Biederman J, Faraone S V, Marrs A, Moore P, Garcia J, Ablon S, Mick E, Gershon J, Kearns M E
Joint Program in Pediatric Psychopharmacology, Massachusetts General Hospital, Boston, MA 02114, USA.
J Am Acad Child Adolesc Psychiatry. 1997 Feb;36(2):214-23. doi: 10.1097/00004583-199702000-00012.
This report examines the clinical features and correlates of juvenile panic disorder in referred children and adolescents to test specific hypotheses about its relationship with adult panic disorder.
The sample consisted of consecutively referred children and adolescents (N = 472) comprehensively evaluated with structured diagnostic interviews, cognitive tests, and psychosocial assessments.
Panic disorder was identified in 6% and agoraphobia in 15% of psychiatrically referred children and adolescents. Children meeting criteria for panic disorder also frequently met criteria for agoraphobia. The latter disorder was more prevalent and had an earlier age at onset than panic disorder. Children with panic disorder and those with agoraphobia had similar correlates with frequent comorbidity with other anxiety and mood disorders. A high level of comorbidity with disruptive disorders was also identified.
These results support the hypothesis of continuity between the juvenile and the adult form of panic disorder. However, the high level of comorbidity with disruptive behavior disorders also suggests developmentally specific discontinuities between juveniles and adults with panic disorder.

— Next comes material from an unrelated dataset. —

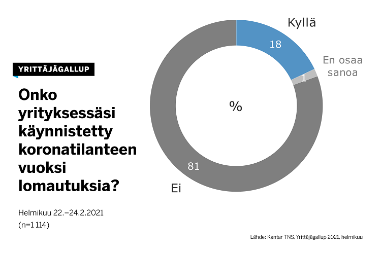 Lomautuksia on toteuttanut 18 prosenttia yrityksistä. Irtisanomisia kertoo aloittaneensa kuitenkin vain kuusi prosenttia yrittäjistä.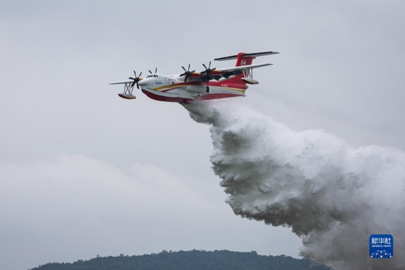 AG600M全狀態(tài)新構(gòu)型滅火機(jī)在第十四屆中國(guó)航展上進(jìn)行投水演示(11月8日攝)。新華社記者 劉大偉 攝

本报告研究了转诊儿童和青少年中青少年惊恐障碍的临床特征及其相关因素,以检验关于其与成人惊恐障碍关系的特定假设。
样本包括连续转诊的儿童和青少年(N = 472),通过结构化诊断访谈、认知测试和心理社会评估进行全面评估。
在接受精神科转诊的儿童和青少年中,6%被诊断为惊恐障碍,15%被诊断为广场恐惧症。符合惊恐障碍标准的儿童也经常符合广场恐惧症的标准。后一种障碍比惊恐障碍更普遍,发病年龄更早。患有惊恐障碍的儿童和患有广场恐惧症的儿童与其他焦虑和情绪障碍频繁共病的相关因素相似。还发现与破坏性行为障碍的共病率很高。
这些结果支持青少年和成人形式的惊恐障碍之间存在连续性的假设。然而,与破坏性行为障碍的高共病率也表明,患有惊恐障碍的青少年和成人之间存在发育上的特定不连续性。